Maybe we should all be heading South East?


----------



## boringfrog (Sep 22, 2006)

*Berlin*

Yeah, I noticed Berlin was 25 degrees the other day.


----------



## teemyob (Nov 22, 2005)

*Colder*

And it is getting colder.

And we are off outdoor swimming in the Netherlands countryside this weekend.


----------



## MiketheWelshman (May 1, 2005)

Hi Trev, I can send you a couple of wet suits along with the spare lamps :lol: 
Sounds like fun though, where is it
Mike


----------



## bigtree (Feb 3, 2007)

Got to say it has been a bit hit or miss the last couple of weeks,back to France tomorrow for a bit of the same.


----------



## Penquin (Oct 15, 2007)

Head to SW France;


Wednesday 21C cloudy morning, sunny afternoon

Thursday 29C, sun all day long

Friday 25C sun all day long

will that do for the time being?

Dave


----------



## teemyob (Nov 22, 2005)

*where*



MiketheWelshman said:


> Hi Trev, I can send you a couple of wet suits along with the spare lamps :lol:
> Sounds like fun though, where is it
> Mike


Klein Vink is the Campsite and Thermal Baths at Bad Arcen.

The Campsite is ACSI Camping card €12. But was full when we arrived as it was Dutch Holidays (Queens Birthday and Liberation Day in the same week).

Klein Vink

You can book in advance and the site will send you a credit card size barrier key in advance, so you can turn up after reception hours.

TM


----------



## OurTour (Nov 29, 2011)

*Roasting in Piedmont*

Currently hiding sat in van in Vercelli, Piedmont, Italy and it's 'ot.

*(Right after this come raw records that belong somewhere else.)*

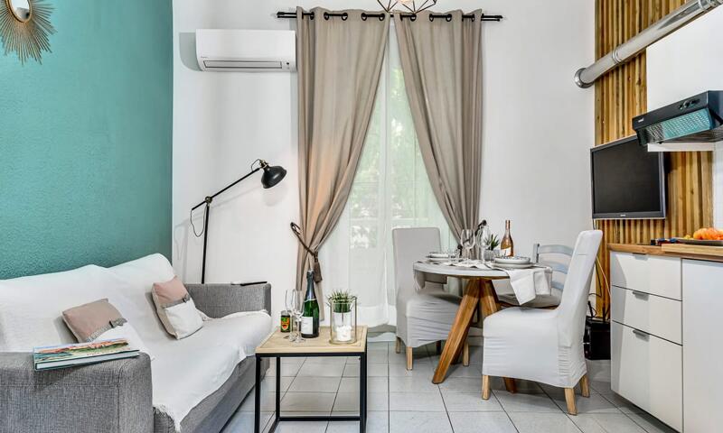 Dans 35m², l’appartement La Cigale vous offre tout le confort nécessaire avec une décoration industrielle et bois. Entièrement meublé et équipé, il peut accueillir jusqu’à 4 personnes avec un salon spacieux s’ouvrant sur la chambre avec une verrière. Un appartement sensible à l’environnement  puisqu’il est économe en énergie avec sa pompe à chaleur réversible et économe en eau grâce à sa robinetterie innovante.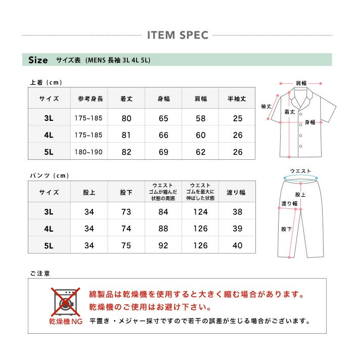 トップス仕様:半袖/テーラー/パイピング仕様/胸ポケット有り パンツ仕様 :長パンツ/ウエスト総ゴム/前開き/ゴム取替口 |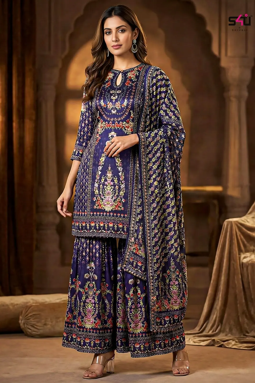 Blue Embroidered Sharara/Plazzo Kurti with Bottom and Dupatta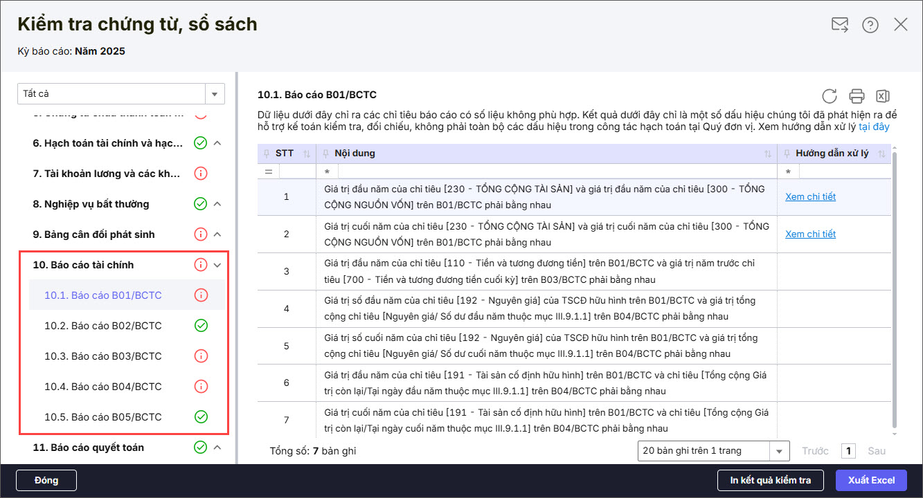 10. Kiểm tra báo cáo tài chính Hướng dẫn kế toán kiểm tra, phát hiện các chỉ tiêu báo cáo có số liệu không phù hợp. Bước 1: Vào mục Hướng dẫn quyết toán trên phần mềm. Chi tiết tại đây Bước 2: Xem hướng dẫn cách khắc phục tại đây Lượt xem: 341 Cập nhật 07/01/2026 Bài viết này hữu ích chứ? Có Không Bài viết liên quan Biểu số 4: Quyết toán thu – chi ngân sách nhà nước (Thông tư 90/2018/TT-BTC) 4.2.8. Kiểm tra các kỳ tính hao mòn TSCĐ sai nguyên tắc 4.2.6. Kiểm tra các kỳ trích khấu hao TSCĐ sai nguyên tắc Làm thế nào để phần mềm hiển thị cột Nguồn năm trước trên các màn hình nhập liệu? 8.1. Các bút toán hạch toán tài khoản Giao tự chủ Không giao tự chủ Đầu tư XDCB nhưng chọn nguồn có tính chất khác Giao tự chủ Không giao tự chủ Đầu tư XDCB 11. Kiểm tra báo cáo quyết toán Giải đáp miễn phí qua facebookNếu bạn vẫn còn thắc mắc hãy đăng câu hỏi vào cộng đồng MISA qua facebook để được giải đáp miễn phí và nhanh chóngĐĂNG BÀI NGAY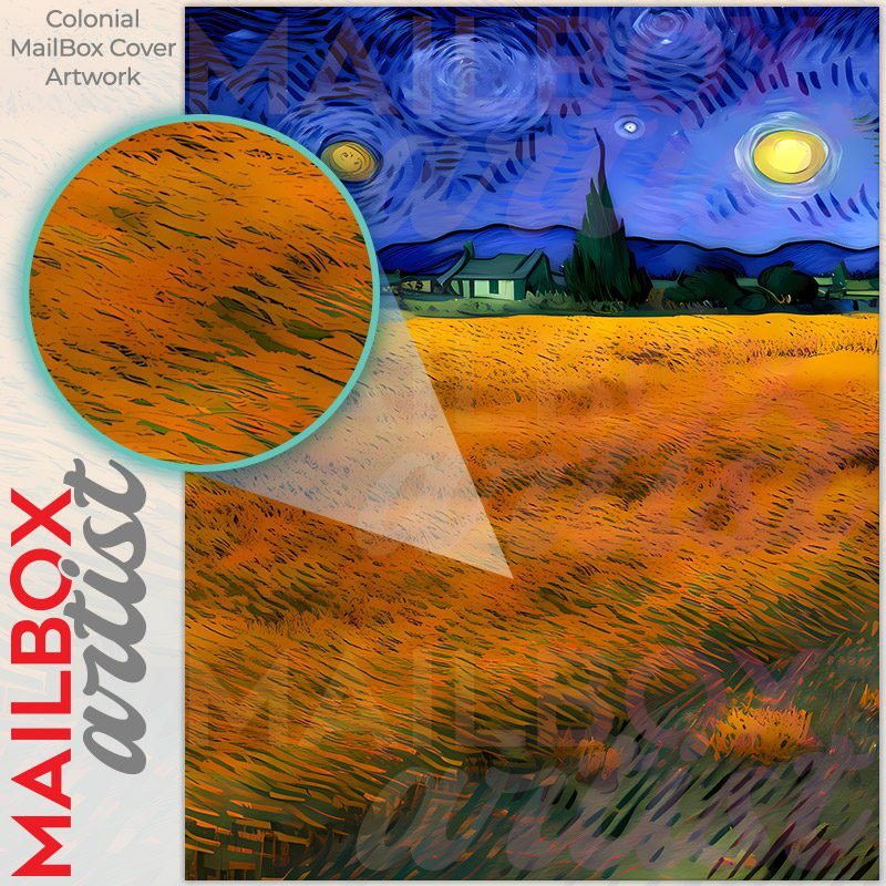 With this Van Gogh Style Summer Landscape colonial mailbox cover it’s pretty easy to convert your mailbox to a special and unique item. These covers require a flat surface, so they work with colonial mailboxes that do not have any embossed decoration or signs. Magnetic mailbox covers work with steel colonial boxes only, while self-adhesive vinyl covers are available for aluminum, plastic and steel boxes. We also offer both self-adhesive and magnetic covers with regular opaque white vinyl or reflective vinyl, which works similarly to license plates or road signs. The reflective option makes the entire cover’s surface reflective, ensuring visibility at night. In case your mailbox doesn’t work with these covers, you can purchase the preinstalled cover on a brand new mailbox as well. Also, you can create your custom colonial mailbox cover using you own pictures, adding your name, street number, etc.
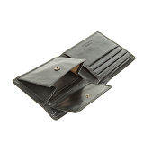 Внутри два отделения для купюр, карман для монет на кнопке, потайной карман и четыре кармашка для пластиковых карт.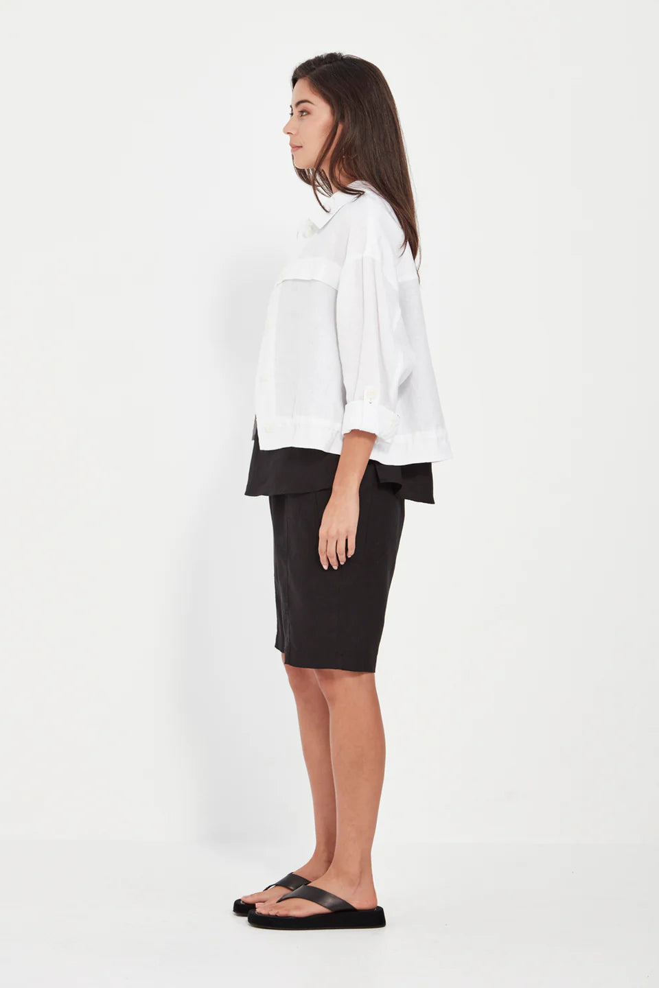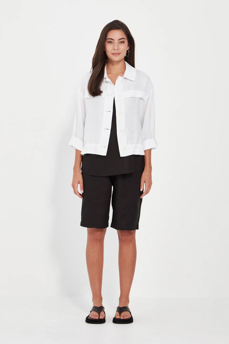 The Echo Jacket is a relaxed-fit utility style crafted from 100% linen. It features a button front, classic collar, and full-length sleeves that can be rolled to the elbow with a button tab. An internal drawcord allows you to cinch the waist for shape. Lightweight and versatile, it pairs perfectly with pants or works as an easy summer layer over dresses.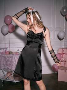 Vestido de tirantes unicolor fruncido bajo con abertura

I like it 'ot, but not this 'ot. 30 degrees C on the temperature gauge in the van, and the sun is beating down on the rice fields around us. Cheers, Jay


----------



## cabby (May 14, 2005)

sure is hot here in Albir too.26c. more to come as well.

cabby


----------



## teemyob (Nov 22, 2005)

*Re: Roasting in Piedmont*



OurTour said:


> Currently hiding sat in van in Vercelli, Piedmont, Italy and it's 'ot. I like it 'ot, but not this 'ot. 30 degrees C on the temperature gauge in the van, and the sun is beating down on the rice fields around us. Cheers, Jay


Rice Fields!>?


----------



## peaky (Jul 15, 2009)

we are officially in a heatwave !! temps in the shade 33 in sun more like 40 something and not much wind !! even locals are saying its hot !!prob 50 at midday !!!


----------



## teemyob (Nov 22, 2005)

*was*

Was considering France for 12 days. But going to cancel unless the weather books up.

TM


----------